頬杖をついて鷹楽くんが苦々しげに言う。本当にあれは一体どう言う脅しだったのだろうか。

「まぁ、どちみち……」

 鷹楽くんがちらりと俺を見た。続きの言葉を待ったが鷹楽くんはなぜか眉間の皺をいっそう濃くしてから、ふいと顔を反らした。

「一応、俺の名誉のために言っておくが。俺はあいつを祓おうとしたわけじゃない」

「え?」

「……兒玉とかいう、お前と仲が良い妖。俺は祓い屋って言っても〝タダシ〟の術しか使えないから、暴走した妖を元の姿に正すことは出来ても、消すことは出来ない――まぁ、〝コワシ〟のやつらなら出来るだろうけど」

「あの……タダシとコワシって」

 鷹楽くんは面倒くさそうに赤い瞳を細めて溜息を吐くも、淡々と答えてくれた。

「流派みたいなもんだ。〝タダシ〟は妖との共存を望み、〝コワシ〟は人間世界の秩序を望む。そして、それぞれその望みに則った術を使う」

 父も暴走した妖に対峙したときは、鷹楽くんと同じように青い光を放ち、妖をあるべき姿に戻していた。それが普通だと、それしかないものだと思っていた。

「タダシは妖を本来の姿に戻す術を使い、コワシは妖を消滅させる術を使う」

 妖を壊す——想像ようとした。けれど、うまく、想像ができなかった。親しい妖たちが浮かんで、彼らが消滅してしまう様なんて、想像だとしても見たくなかった。ただただ、ぞっとした。できることなら、その流派の祓い屋には会いたくないなと思った。

「とはいえ、共存やら秩序やらはあくまで流派が起こったときの思想だ。現代のタダシも妖を正常な状態に戻すことが役割ではあるが、昔ほど妖に肩入れしているわけじゃない。俺は妖なんざちっとも好きじゃない」

 鷹楽くんがぶっきらぼうに言った。

 どうして妖が好きじゃないのだろう。生理的なものか、それとも——彼にかかかっている呪いに関わることだろうか。

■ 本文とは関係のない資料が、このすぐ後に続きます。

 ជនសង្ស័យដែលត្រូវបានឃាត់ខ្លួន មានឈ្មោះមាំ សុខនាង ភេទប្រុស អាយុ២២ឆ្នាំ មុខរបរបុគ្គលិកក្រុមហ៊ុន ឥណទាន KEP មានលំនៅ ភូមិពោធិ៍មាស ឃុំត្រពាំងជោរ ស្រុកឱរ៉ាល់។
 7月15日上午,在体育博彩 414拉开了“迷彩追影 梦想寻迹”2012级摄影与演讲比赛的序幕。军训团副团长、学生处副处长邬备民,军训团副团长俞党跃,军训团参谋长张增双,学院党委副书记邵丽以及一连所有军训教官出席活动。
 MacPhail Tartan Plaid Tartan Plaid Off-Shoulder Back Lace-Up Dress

 再び落ちた沈黙の中で、思う――鷹楽くんの呪いだけ暴いておいて、俺は何も言わないのはどうなのだろう。胸に靄が立つ。口を開きかけて、しかし空気を食む。雨も、沈黙も、止まない。

 だって——それを言ったところでどうなるというのか。

 彼が望んで生まれたものでないにしても、いつかは失うとしても、先輩後輩という名のあるかかわりが生まれたことが、俺は嬉しかった。

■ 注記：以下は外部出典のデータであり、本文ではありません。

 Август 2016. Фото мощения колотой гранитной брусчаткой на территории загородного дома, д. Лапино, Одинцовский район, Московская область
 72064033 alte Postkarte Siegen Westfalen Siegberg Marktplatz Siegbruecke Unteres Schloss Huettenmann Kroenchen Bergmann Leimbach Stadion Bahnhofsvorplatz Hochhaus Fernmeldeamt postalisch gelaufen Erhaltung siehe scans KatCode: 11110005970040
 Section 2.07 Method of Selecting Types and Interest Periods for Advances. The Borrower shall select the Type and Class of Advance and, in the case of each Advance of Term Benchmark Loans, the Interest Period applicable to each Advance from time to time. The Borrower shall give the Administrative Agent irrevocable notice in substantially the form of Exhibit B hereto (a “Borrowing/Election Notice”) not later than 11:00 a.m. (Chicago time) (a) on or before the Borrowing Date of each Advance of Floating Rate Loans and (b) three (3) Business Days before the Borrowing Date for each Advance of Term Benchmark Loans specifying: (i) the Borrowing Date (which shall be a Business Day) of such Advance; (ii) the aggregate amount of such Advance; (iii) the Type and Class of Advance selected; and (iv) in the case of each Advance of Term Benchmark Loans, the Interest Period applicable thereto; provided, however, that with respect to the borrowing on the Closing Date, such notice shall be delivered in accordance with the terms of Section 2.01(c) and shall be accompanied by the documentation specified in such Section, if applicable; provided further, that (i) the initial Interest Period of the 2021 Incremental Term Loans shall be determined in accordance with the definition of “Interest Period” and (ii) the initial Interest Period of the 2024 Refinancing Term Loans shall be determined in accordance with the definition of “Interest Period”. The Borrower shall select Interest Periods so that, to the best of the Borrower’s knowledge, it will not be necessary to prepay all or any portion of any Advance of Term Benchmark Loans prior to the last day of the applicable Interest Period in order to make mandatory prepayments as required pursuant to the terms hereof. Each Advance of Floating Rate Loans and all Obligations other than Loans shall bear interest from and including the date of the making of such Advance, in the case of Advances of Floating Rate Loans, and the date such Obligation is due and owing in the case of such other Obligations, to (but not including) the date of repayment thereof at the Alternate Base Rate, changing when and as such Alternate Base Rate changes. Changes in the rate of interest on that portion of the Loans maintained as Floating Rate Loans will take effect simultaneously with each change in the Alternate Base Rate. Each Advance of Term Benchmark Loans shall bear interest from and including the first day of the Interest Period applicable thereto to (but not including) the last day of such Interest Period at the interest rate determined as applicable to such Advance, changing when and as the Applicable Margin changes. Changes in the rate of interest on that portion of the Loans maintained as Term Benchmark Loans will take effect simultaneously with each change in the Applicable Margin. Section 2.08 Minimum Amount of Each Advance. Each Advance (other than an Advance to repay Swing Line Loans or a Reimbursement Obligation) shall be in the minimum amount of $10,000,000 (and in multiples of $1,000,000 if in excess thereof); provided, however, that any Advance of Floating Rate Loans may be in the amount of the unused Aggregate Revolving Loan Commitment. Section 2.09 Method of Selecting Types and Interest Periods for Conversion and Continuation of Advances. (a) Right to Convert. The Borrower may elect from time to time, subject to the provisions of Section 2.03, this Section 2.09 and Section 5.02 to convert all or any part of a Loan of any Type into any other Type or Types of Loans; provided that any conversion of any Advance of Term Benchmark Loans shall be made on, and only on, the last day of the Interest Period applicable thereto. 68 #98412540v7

 はじめてできた後輩を、根は真面目そうな彼を、解決策がないこんな問題に触れさせて困らせたり気遣わせたりしたくなかった。

 どうせなら、いつか終わりを迎えるそのときまでは。

 口が悪くて、態度も悪くて、容赦がなくて、けれどとてもまっすぐな彼を見ていたい。ちょっぴりむかつくけど、いつの間にか俺は気に入っていた。

 だから俺はその憂いに、呪いに、そっと蓋をした。